▶ [Exercise goal]
Write the listing out once more, identical to the original but without pictures.

▶ [Data in this exercise]

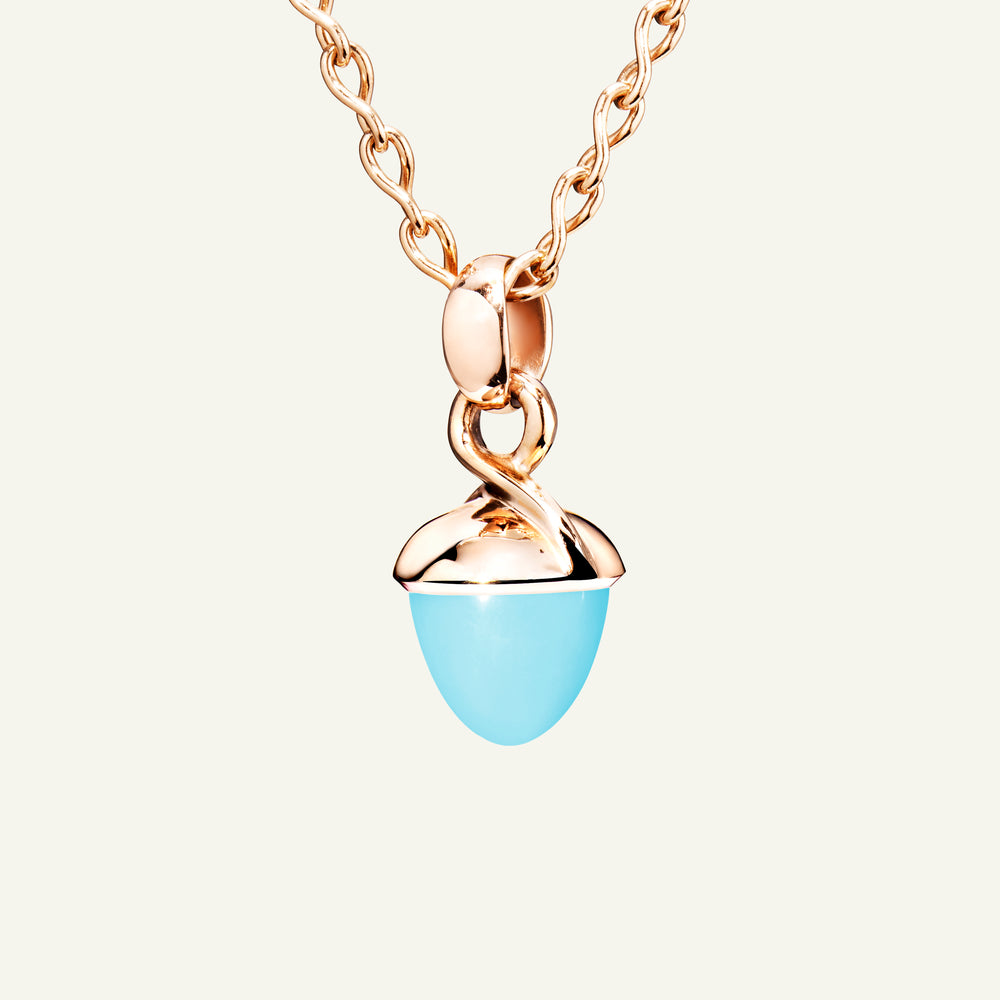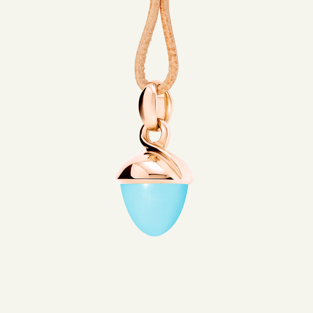 The iconic MIKADO Bouquet Pendant with Turquoise features a brilliant blue-green gemstone in the signature acorn shape, set in 18K gold. Designed to be worn your way, MIKADO Bouquet Pendants can be threaded onto a delicate choker-style chain, knotted onto a leather cord with other MIKADO pendants, and effortlessly integrated across the entire TAMARA COMOLLI collection. Ideal for mix & match styling, collecting, and gifting.
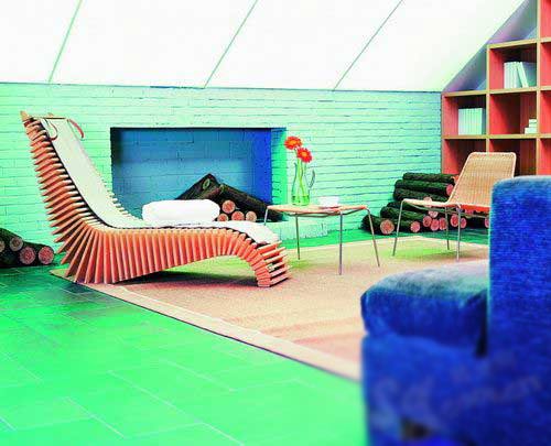 青磚壁爐的味道得以充分展現(xiàn),在顏色上呼應(yīng)了地板與沙發(fā),排骨架臥榻上鋪上棉墊就具有了柔軟的觸感,它的前衛(wèi)脫俗讓會客的感覺更加親密,在色彩上也和土黃印花的大幅地毯相呼應(yīng),加上瑩藍色的布藝長沙發(fā),帶來視覺上的飽和度。
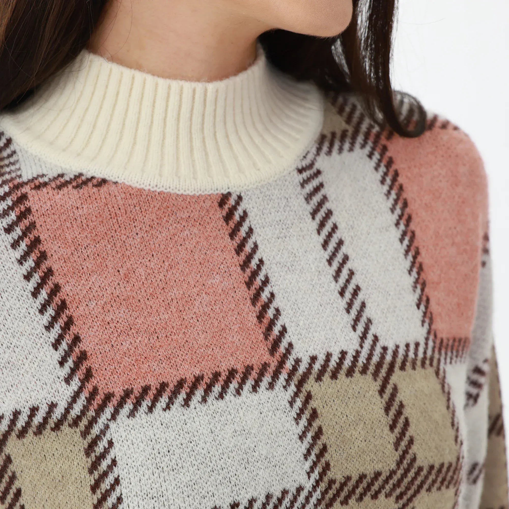 Product Description Length Sleeve: Long Sleeve Neck Fit: High-Neck Top Fit: Loose Type Sleeve: Drop-Shoulder Sleeves Pattern: Checked Fabric: North Polar Velvet Yarn Additional Material: 52%Acrylic 28%Nylon 20%Polyester Fiber Model...
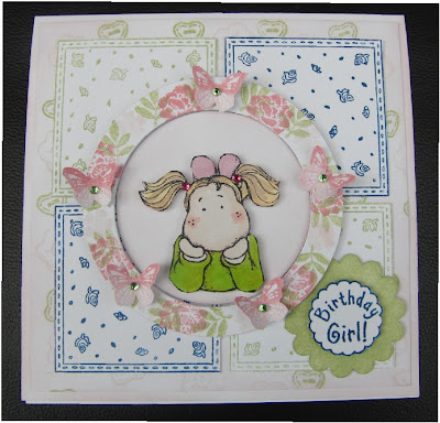 This is my entry or the Magnolia make your own background which i made two of ,the actual background paper and the 4 patch work squares which were needed for the Passion for promarkers challenge .I made background with a heart and flower motif then i made my four square patch work pieces then using my big shot and spellbinders to cut a circle within a circle .I stamped leaves and flower around the thinner circle using martha stewart small floral set .Then i stamped butterflys fom same set and using inks i colured the top and bottom of the butterflys with two shades of martha stewert inks .Stuck them on ,stamped birthday girl punched a larger disc .
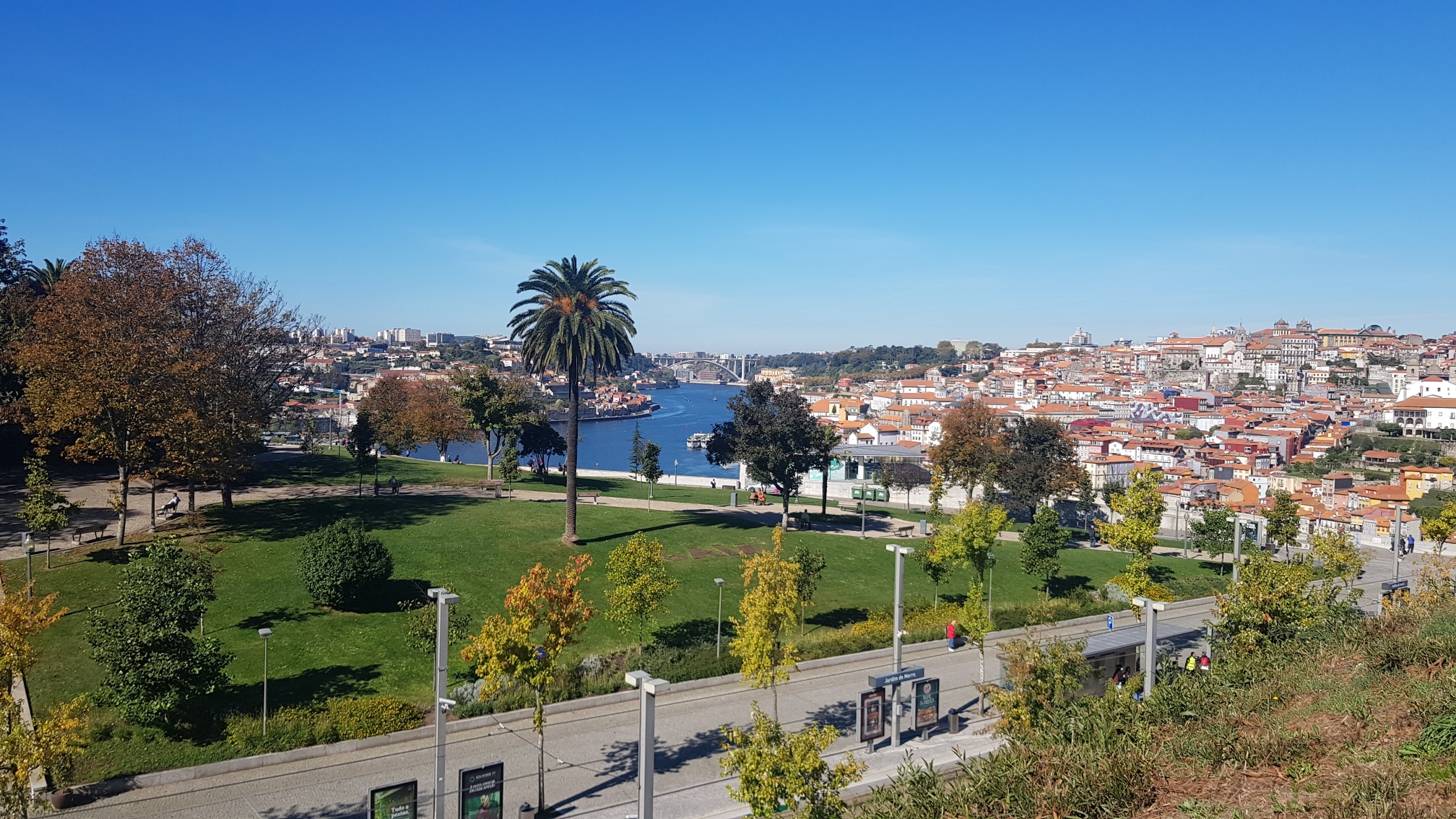Justo debajo, tenéis una zona estupenda para ver el ocaso, es más, cuando volvíamos del crucero de los seis puentes desde el mar veíamos a una gran cantidad de personas esperando que el sol desapareciera en el horizonte. Es el «Jardim Do Morro».

▶ [Answer to the problem]
 The iconic MIKADO Bouquet Pendant with Turquoise features a brilliant blue-green gemstone in the signature acorn shape, set in 18K gold. Designed to be worn your way, MIKADO Bouquet Pendants can be threaded onto a delicate choker-style chain, knotted onto a leather cord with other MIKADO pendants, and effortlessly integrated across the entire TAMARA COMOLLI collection. Ideal for mix & match styling, collecting, and gifting.
 青磚壁爐的味道得以充分展現(xiàn),在顏色上呼應(yīng)了地板與沙發(fā),排骨架臥榻上鋪上棉墊就具有了柔軟的觸感,它的前衛(wèi)脫俗讓會客的感覺更加親密,在色彩上也和土黃印花的大幅地毯相呼應(yīng),加上瑩藍色的布藝長沙發(fā),帶來視覺上的飽和度。
 Product Description Length Sleeve: Long Sleeve Neck Fit: High-Neck Top Fit: Loose Type Sleeve: Drop-Shoulder Sleeves Pattern: Checked Fabric: North Polar Velvet Yarn Additional Material: 52%Acrylic 28%Nylon 20%Polyester Fiber Model...
 This is my entry or the Magnolia make your own background which i made two of ,the actual background paper and the 4 patch work squares which were needed for the Passion for promarkers challenge .I made background with a heart and flower motif then i made my four square patch work pieces then using my big shot and spellbinders to cut a circle within a circle .I stamped leaves and flower around the thinner circle using martha stewart small floral set .Then i stamped butterflys fom same set and using inks i colured the top and bottom of the butterflys with two shades of martha stewert inks .Stuck them on ,stamped birthday girl punched a larger disc .
Justo debajo, tenéis una zona estupenda para ver el ocaso, es más, cuando volvíamos del crucero de los seis puentes desde el mar veíamos a una gran cantidad de personas esperando que el sol desapareciera en el horizonte. Es el «Jardim Do Morro».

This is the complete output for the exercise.